The essence of the invention is incorporated in each of the circuits A which will now be described in detail.

A circuit A includes three thyratrons 12, 13 and 14 connected in parallel, thyratrons 12, 13 being connected to pass current in one direction and the thyratron 14 being connected to pass current in the opposite direction.

The production of a pulse is initiated by a triggering impulse from the timer 3 on line 15. This trigger impulse passes through the secondary coil 17 of a transformer 18 to the control grids of thyratrons 12 and 13 thereby switching them to their conductive states.

In practice, one of the thyratrons, say thyratron 12, will fire first. This allows the first capacitor 1 to discharge in a forward direction through the circuit including the primary of a transformer 19, thyratron 12, the primary 20 of transformer 18, earth, and the load 4. As soon as this discharge begins, it is detected by transformer 18 which induces an enhanced trigger impulse on line 15 thereby firing the second thyratron 13. Two thyratrons 12 and 13 are necessary to handle the required current in the forward direction.

When the discharge current of capacitor 1 through the primary of transformer 19 reaches a predetermined value it induces a potential across the secondary of that transformer sufficient to fire the thyratron 14. Current continues to flow in the forward direction after the capacitor 1 has become completely discharged. This is because of the stored energy in the inductance of transformer primary 5. The continuing flow of current charges the capacitor 1 with a reverse polarity and, when this has reached a peak it causes current to flow in the reverse direction through the load 4, earth, transformer primary 20 and thyratron 14. This reverse current provides the necessary second period of the pulse referred to previously. It ensures an efficient coupling factor for the transformer 5.

The sequence of events described above is followed by a trigger pulse being supplied by circuit 3 on line 15A. The process is repeated ten times until all the capacitors have been discharged. There is then a pause for a sufficient time to enable the capacitors 1 to be re-charged through the diodes 2.

It should be explained that, by the time an impulse appears on line 15A, the impulse on line 15 has been removed and the thyratrons 12, 13 have reverted to their non-conductive states.
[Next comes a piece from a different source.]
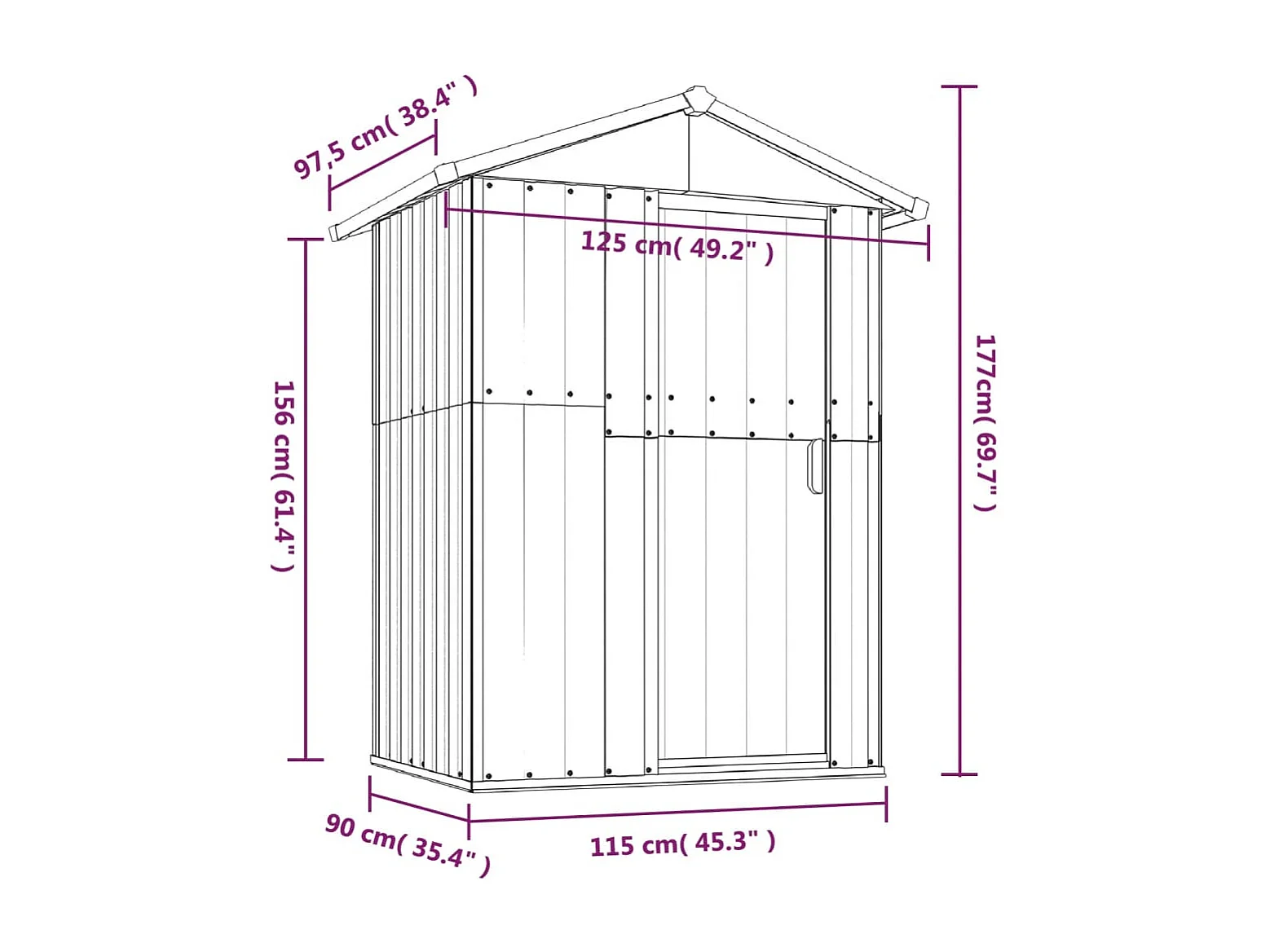 Abri de jardin cabane grise 126 x 97.5 x 177 cm 02_0022229

It may be found desirable or necessary to include a resistor 21 connected in parallel with the secondary 17 of the transformer 18. This resistor provides a low impedance a/c path allowing the timing pulse from timer 3 to pass to the thyratron control grids without suffering delay or distortion which might otherwise occur as a result of the impedance of the secondary 17.

Claims

1. A switch device comprising:

two switches connected in parallel in a first electric path;

a timing device for feeding at a required time a switching impulse along a second electric path to said switches thereby switching at least one of them to a conductive state so that current flows along the first path;

and a transformer having a primary in said first path and a secondary in said second path;

said transformer, said switches and said timing device being interconnected for causing the current flow created by switching of one of said switches to induce a further switching impulse or to reinforce the first-recited switching impulse thereby switching or assisting the switching of the other switch to a conductive state.

2. A switch device according to claim 1 wherein a resistor is connected across the transformer secondary.

3. A switching device according to claim 1 or 2 wherein each switch is a thyratron.

4. A switching device according to claim 1 or 2 wherein: each said switch includes a main current path in series with the first electric path and a control element connected to receive switching impulses for controlling the conductive state of said main current path; and said transformer secondary is connected in series in said second path between said timing device and said control elements of said switches.